Forchion splits his time between California and New Jersey, recently traveling cross-country in the Weed Mobile, a multicolored 1986 Chevrolet van. Outside his lawyers’ office in Clifton last month, Forchion kneeled under a tree and lit a joint. Christie, he said, is “absolutely on the wrong side of history.”
Other states are going the way of the Weedman. Washington and Colorado voters made recreational use legal in 2012. Alaska will ask voters in August.

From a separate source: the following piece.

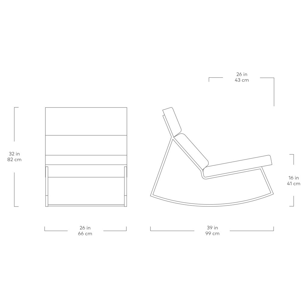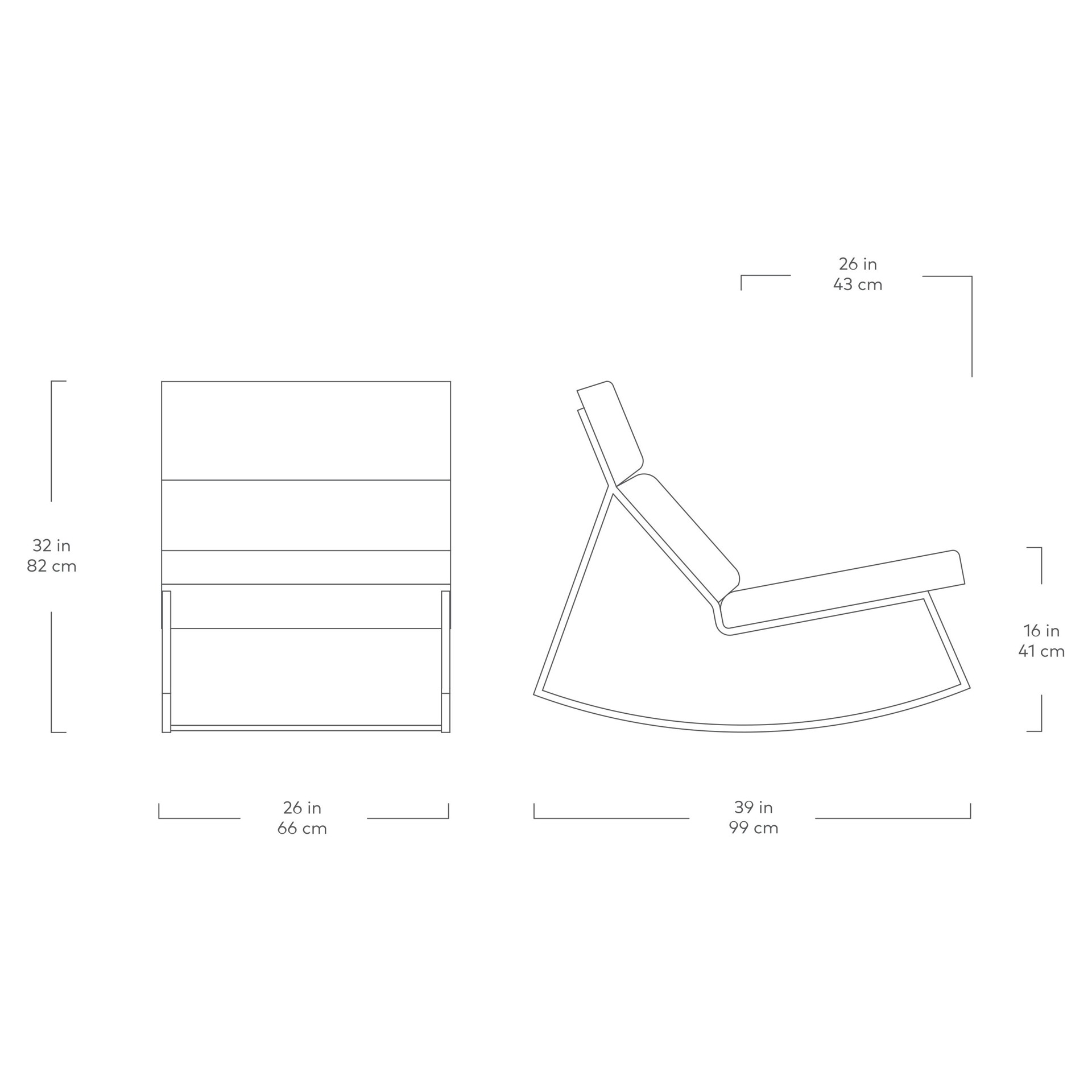 The Gus* version of the perfect modern rocking chair; featuring a powder coated frame with architecturally-styled cushions inspired by airport lounge seating and 70’s car interiors. Constructed with 100% FSC -Certified Wood in support of responsible forest management.

Eighteen other states and Washington D.C. have considered or are considering bills to decriminalize pot or make it legal, according to the Marijuana Policy Project, an advocacy group in the nation’s capital.
With the fiscal rationale resonating with younger voters, the scandal over lane closings at the George Washington Bridge is emboldening Christie’s opponents, said Brigid Harrison, a professor of law and government at Montclair State University.
“Democrats see momentum on their side,” Harrison said. “It’s sort of a no-holds-barred attitude in terms of being antagonistic toward the Christie administration.”
A bill sponsored by Gusciora would make possession of less than 15 grams akin to a traffic summons and subject to fines of $150. The measure has 18 co-sponsors, a quarter of the Assembly, including three Republicans.
Scutari’s legislation, introduced March 27, would legalize pot and allow the state to tax it. Possession would be only for those over 21, with penalties for driving under the influence.
Scutari said he can outlast Christie.
“He’s not going to be the governor forever,” Scutari said. “When you look at the sheer economic numbers involved, he’s going to be hard-pressed to say why we shouldn’t be involved.”